Effects of Interlaminar Failure on the Scratch Damage of Automotive Coatings: Cohesive Zone Modeling

Interlaminar failure caused by scratches is a common damage mode in automotive coatings and is considered the potential trigger for irreversible destruction, i.e., plowing. This work strives to numerically investigate the mechanisms responsible for the complex scratch behavior of an automotive coating system, considering the interfacial failure. A finite element model is developed by incorporating a large deformation cohesive zone model for scratch-induced debonding simulation, where the mass scaling technique is utilized to minimize computational burden while ensuring accuracy. The delamination phenomenon of the automotive coating is reproduced, and its effects on scratch damage behavior are analyzed. Accordingly, it is revealed that the interlaminar delamination would produce significant stress redistribution, which leads to brittle and ductile damage of the coating and consequently affects the formation of plowing. Eventually, parametric studies on the effects of interfacial properties are performed.
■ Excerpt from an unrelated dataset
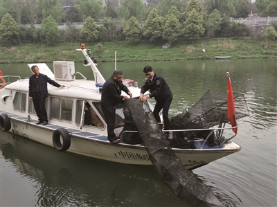 4月16日,市畜牧水产局渔政科联合市公安局水上治安大队在资江河巡查,查获地龙、密网等非法捕捞网具30余套。
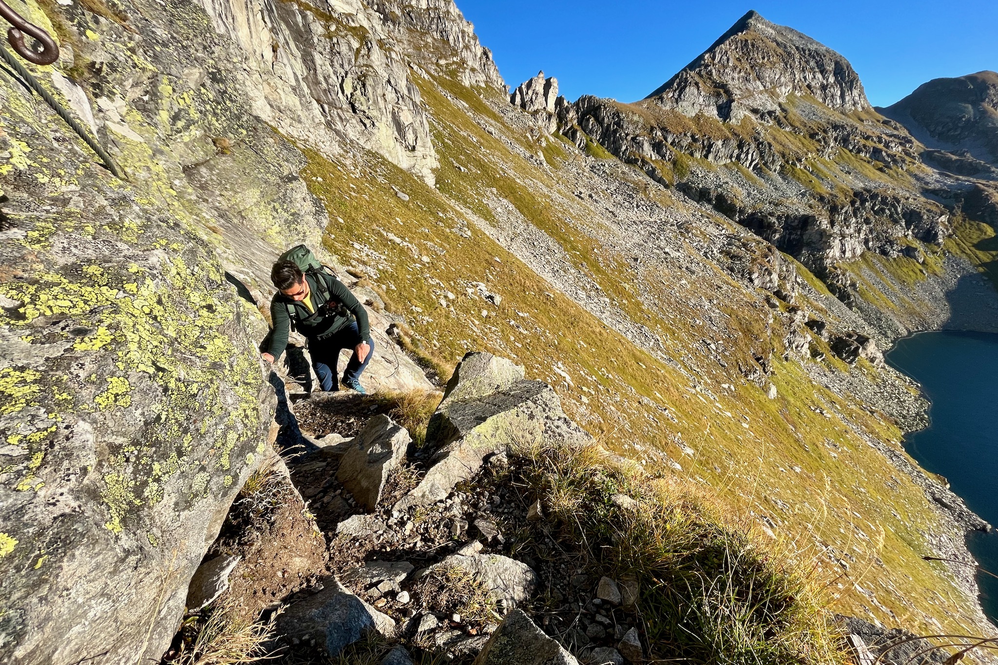 Nach einer durchwachsenen, aber ruhigen Nacht heißt es früh aufstehen, um die Sonne hinter dem Unteren Schwarzsee aufgehen zu sehen. Der kurze Anstieg zur Schmalzscharte vertreibt die letzte Müdigkeit, erst recht der anschließende steile Abstieg. Stahlseile geben an den ausgesetztesten Passagen Halt.

They demonstrate that the shear strength and shear fracture energy dominate scratch-induced delamination.

Automated summary

Interlaminar failure caused by scratches is a common damage mode in automotive coatings and is considered a potential trigger for irreversible destruction. This study aims to numerically investigate the mechanisms responsible for the complex scratch behavior of an automotive coating system, considering interfacial failure. A finite element model incorporating a large deformation cohesive zone model is developed to simulate scratch-induced debonding, and the effects of interfacial properties on the delamination phenomenon and scratch damage behavior are analyzed. The research reveals that interlaminar delamination results in significant stress redistribution, affecting the brittle and ductile damage of the coating and the formation of plowing. Parametric studies on interfacial properties demonstrate the dominance of shear strength and shear fracture energy in scratch-induced delamination.